Former Tsarist general who, after making an attempt to march on Petrograd immediately after the October Revolution, was captured and released by the Bolsheviks when he made his way south to form the counter-revolutionary Don Army, receiving aid from the Germans and then the Allies. The Don Army was subsequently put under the command of Denikin.
Krestinsky, Nikolai (1883-1938)
A member of the first Politburo (1919). He supported the Left Opposition in 1923-24, however in 1928 he capitulated to Stalinism while serving as Soviet ambassador in Berlin.
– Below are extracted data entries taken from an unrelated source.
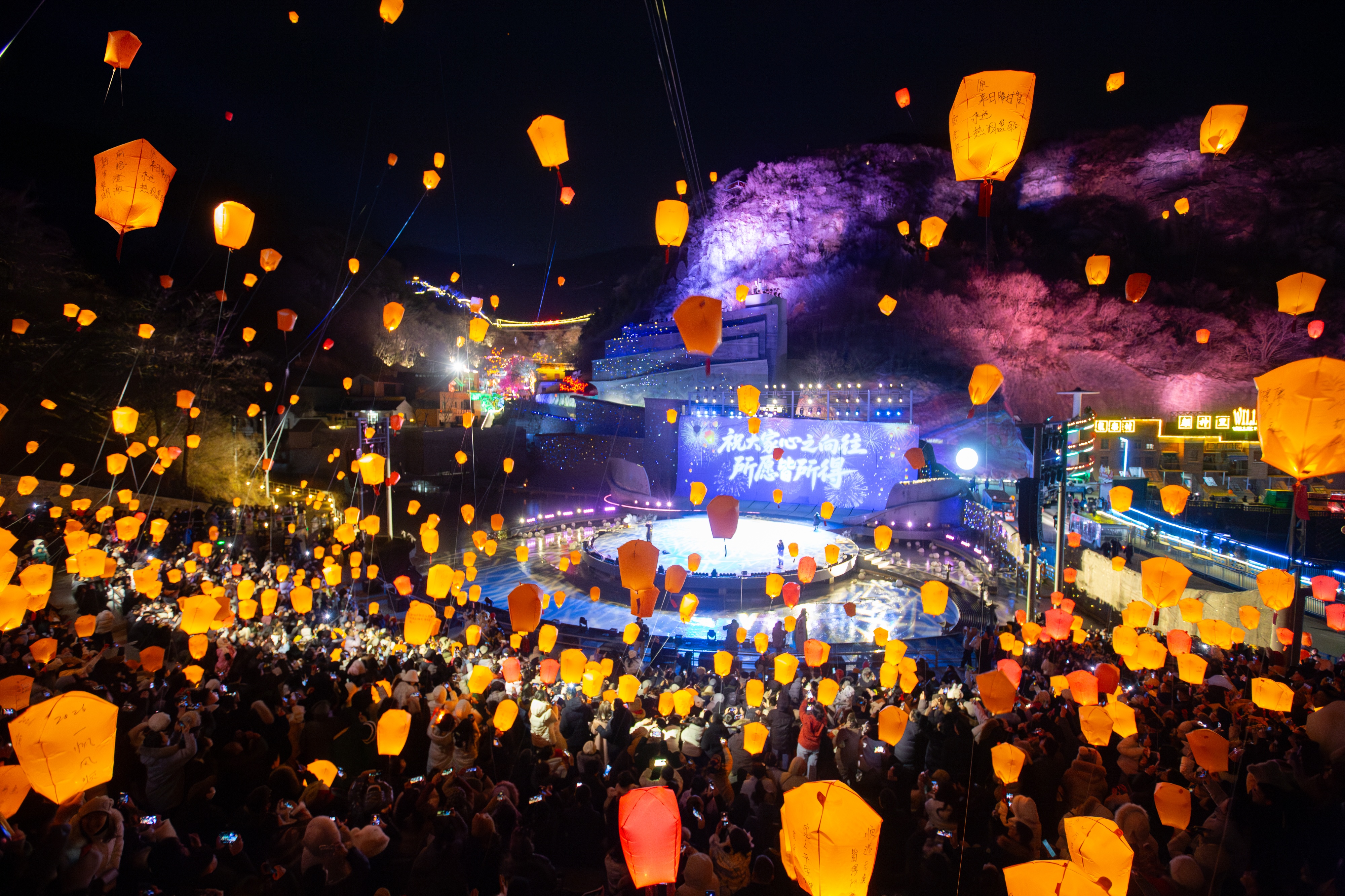 跨年夜,“家人安康,顺遂无虞”的祈愿,同三千明灯一起缓缓升上淄博红叶柿岩的夜空。景区里一盏盏手写祝福的祈福花灯,载满游人的期盼,伴随漫天绽放的烟花,将新年的夜空点缀得华光流转、如梦如幻。
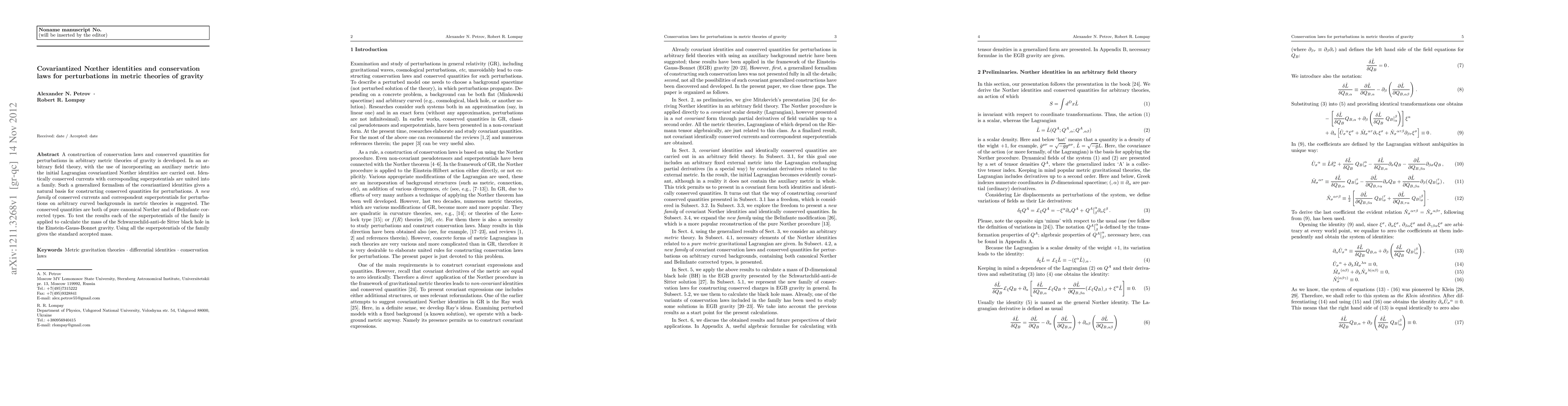 This paper develops a formalism for constructing conservation laws and conserved quantities for perturbations in metric theories of gravity by employing covariantized Noether identities and incorporating an auxiliary metric. It introduces a new family of conserved currents and superpotentials for perturbations on curved backgrounds, validating the approach by calculating the mass of a Schwarzschild-anti-de Sitter black hole in Einstein-Gauss-Bonnet gravity.
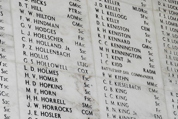 Inside the Arizona Memorial, this wall bears the names of the 1,177 victims who were killed on that tragic day.
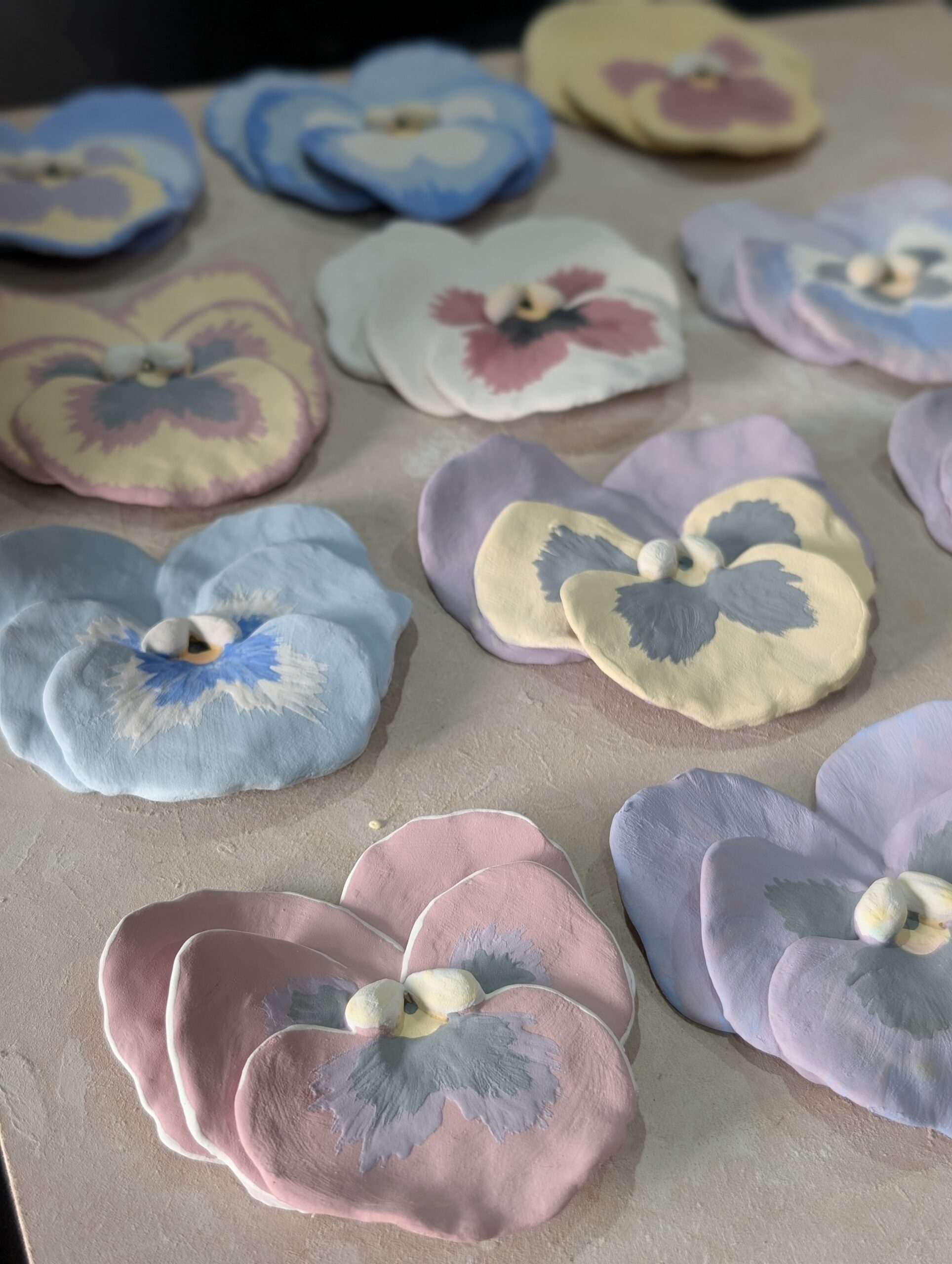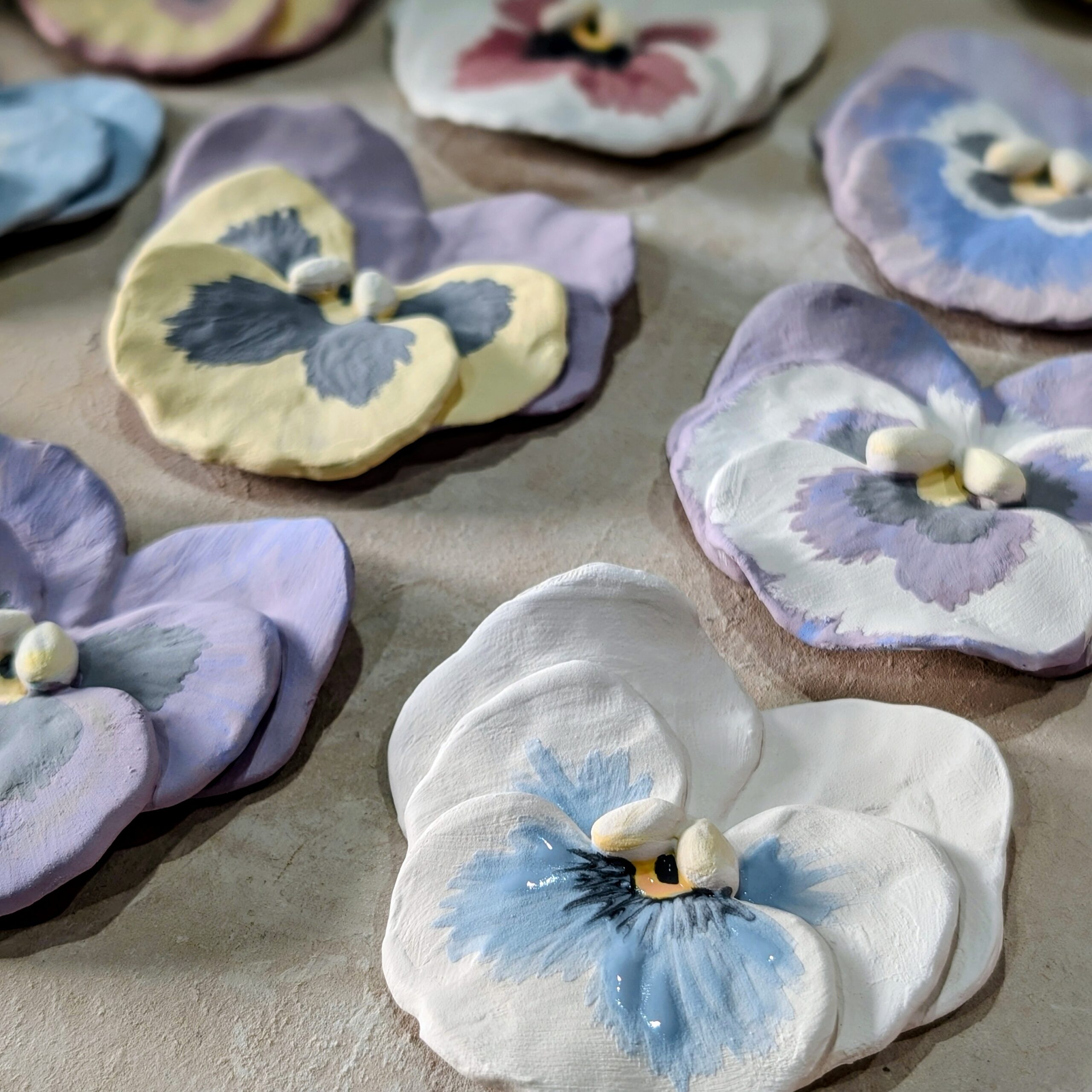 - Roll out clay to 7mm thick and use the cutters to cut out your pansy pieces – you’ll need 2 of the round petal pieces

He was tried for treason a decade later during the Moscow trials, convicted and executed.
Kropotkin, Peter (1842-1921)
Russian anarchist, writer and geographer. Opposed to the Bolsheviks, spent most of his life outside Russia, but returned before his death.
During the State Conference in Moscow, on August 15, Trotsky relates the following:
Kropotkin asked only to join his voice "to those voices which are summoning the whole Russian people to break once for all with Zimmerwaldism." The apostle of non-government promptly gave his adherence to the right wing of the Conference. A defeat threatens us, he cried, not only with the loss of vast territories and the payment of indemnities: "You must know, comrades, that there is something worse than all this - that is the psychology of a defeated nation." This ancient internationalist prefers to see the psychology of a defeated nation on the other side of the border. While recalling how a conquered France had humbled herself before the Russian tzars, he did not foresee how a conquering France would humble herself before American bankers. He exclaimed: "Are we going to live through the same thing? Not by any means!" He was applauded by the entire hall. And then what rainbow prospects, he said, are opened by the war: "All are beginning to understand that we must build a new life on new socialist principles. . . . Lloyd George is making speeches imbued with the socialist spirit. . . . In England, in France and in Italy, there is forming a new comprehension of life, imbued with socialism-unfortunately state socialism." If Lloyd George and Poincare have not yet "unfortunately" renounced the state principle, at least Kropotkin has come over to it frankly enough. "I think," he said, "that we will not be depriving the Constituent Assembly of any of its rights-I fully recognize that to it belongs the sovereign decision upon such questions-if we, the Council of the Russian land, loudly express our desire that Russia should be declared a republic." Kropotkin insisted upon a confederative republic: "We need a federation such as they have in the United States." That is what Bakunin's federation of free communes had come down to! "Let us promise each other at last," adjured Kropotkin in conclusion, "that we will no longer be divided into the left and right halves of this theater. . We all have one fatherland, and for her we ought all to stand together, or to lie down together if need be, both Lefts and Rights." Landlords, industrialists, generals, Cavaliers of St. George, all those who did not recognize Zimmerwald, extended to the apostle of anarchism a well-earned ovation.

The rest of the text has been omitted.